Exercise goal: For each line of the listing that holds "considered", show the full line.

Extracted information:
────────────────────────────────────────

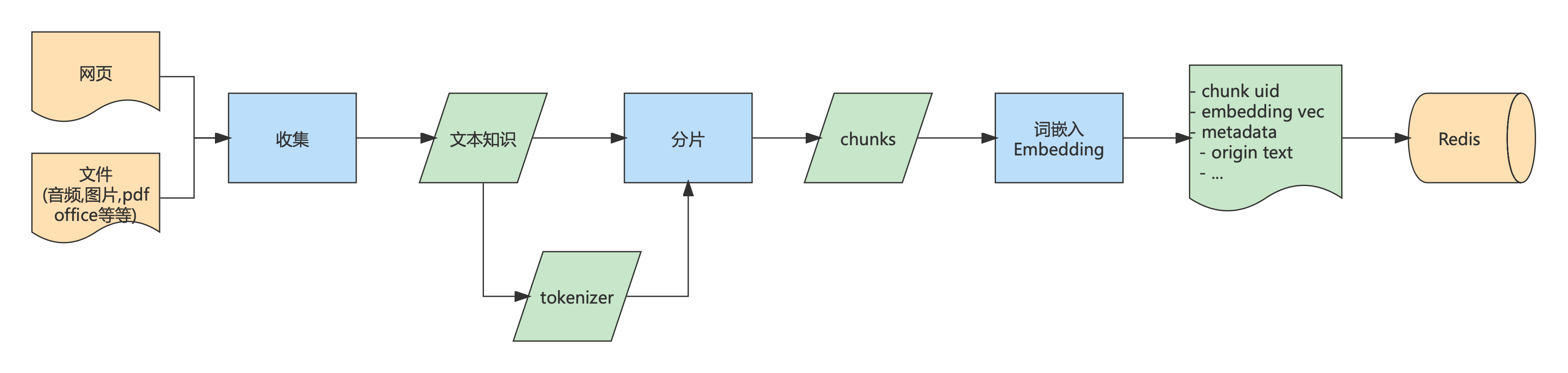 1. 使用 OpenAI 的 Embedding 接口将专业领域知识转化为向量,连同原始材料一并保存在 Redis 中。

────────────────────────────────────────

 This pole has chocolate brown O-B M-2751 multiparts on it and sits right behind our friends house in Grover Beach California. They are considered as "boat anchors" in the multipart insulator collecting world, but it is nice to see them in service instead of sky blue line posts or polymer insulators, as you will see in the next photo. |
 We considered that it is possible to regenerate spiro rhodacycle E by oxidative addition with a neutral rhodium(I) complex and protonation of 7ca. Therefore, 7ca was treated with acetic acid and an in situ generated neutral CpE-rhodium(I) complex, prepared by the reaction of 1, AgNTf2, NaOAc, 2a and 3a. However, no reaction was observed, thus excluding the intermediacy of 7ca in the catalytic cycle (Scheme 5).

────────────────────────────────────────

Exercise solution:
 This pole has chocolate brown O-B M-2751 multiparts on it and sits right behind our friends house in Grover Beach California. They are considered as "boat anchors" in the multipart insulator collecting world, but it is nice to see them in service instead of sky blue line posts or polymer insulators, as you will see in the next photo. |
 We considered that it is possible to regenerate spiro rhodacycle E by oxidative addition with a neutral rhodium(I) complex and protonation of 7ca. Therefore, 7ca was treated with acetic acid and an in situ generated neutral CpE-rhodium(I) complex, prepared by the reaction of 1, AgNTf2, NaOAc, 2a and 3a. However, no reaction was observed, thus excluding the intermediacy of 7ca in the catalytic cycle (Scheme 5).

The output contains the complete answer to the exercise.